Parse the input from the token stream, from the top level rule (which in this grammar is expr). This returns the state of the parser which we save in r.

pANTLR3_BASE_TREE tree = r.tree;

Get the tree from the parser state, which we can use to create an AST and perform semantic analysis if we so wish.

Building the Lexer, Parser and your code

So that covers the code you need to write to get a basic solution working. However, building your code is not as simple as you might think. This section will look at how to build the lexer and the parser together with your code, which creates an executable that you can run to parse input files.

The first thing you'll need to do is download the ANTLR3 C Runtime Library. Un-tar this archive, and move it into your project directory. We're going to include the library in our build. In the example makefile below I've put the library in a folder called libantlr3c, in the same folder as the makefile.

Now you need to generate your parser and lexer. This is done by executing the command java -jar antlr-3.2.jar SimpleCalc.g. Note that this requires you to have the ANTLRv3.2 binary in the current directory, which can be downloaded from here. This generates .h and .c files for our SimpleCalcLexer and SimpleCalcParser

Next we build the parser and the lexer.

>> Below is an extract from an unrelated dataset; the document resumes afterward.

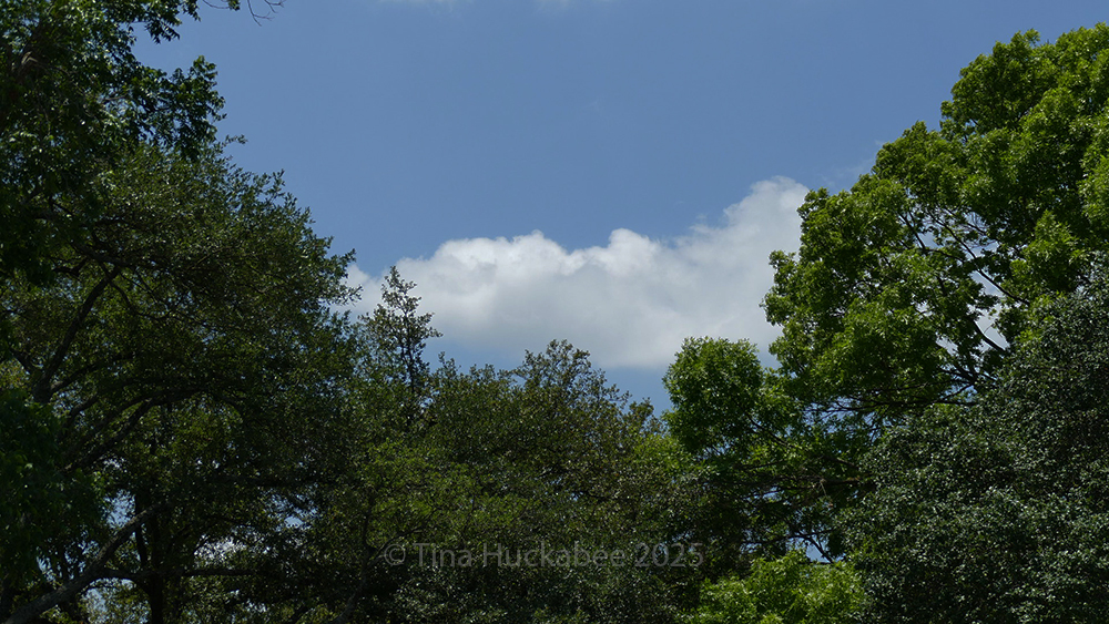 Puffy clouds act as a visual connection between the hawks’ home tree on the right and the herons’ home tree on the left. The street sits just below, bisecting the two properties.

Here I do this with gcc, using the -I flag to include the directory where we put the runtime library. We can also use g++ to build our main file (here I called it SimpleCalc.cpp) at the same time.

gcc -I libantlr3c -c -o SimpleCalcLexer.o SimpleCalcLexer.c
gcc -I libantlr3c -c -o SimpleCalcParser.o SimpleCalcParser.c
g++ -c -o SimpleCalc.o SimpleCalc.cpp

Finally, chuck it all together in an executable (called calc in this example):

g++ -I libantlr3c calc SimpleCalc.o SimpleCalcLexer.o SimpleCalcParser.o

And there you have it! We can put this all together in a makefile:

CPP = g++
C   = gcc -I libantlr3c
all: grammar calc
grammar:
  java -jar antlr-3.2.jar MAlice.g
  
calc: SimpleCalc.o SimpleCalcLexer.o SimpleCalcParser.o
    g++ -I libantlr3c -o $@ $^
  .cpp.o:
    $(CPP) -c -o $*.o $<
  .c.o:
    $(C) -c -o $*.o $<

clean:
  rm -rf codegen *.o libantlr3c/*.o ast/*.o idents/*.o

.phony: all clean grammar

Now we can parse files by running ./calc file, which will output nothing if the file is parsed successfully, and will output (somewhat ugly) ANTLR parse errors if there are syntax errors in the file.

Hopefully this will be enough to get people started using this very powerful but somewhat murky tool. If you have any questions or suggestions of how to improve this post then please don't hesitate to comment.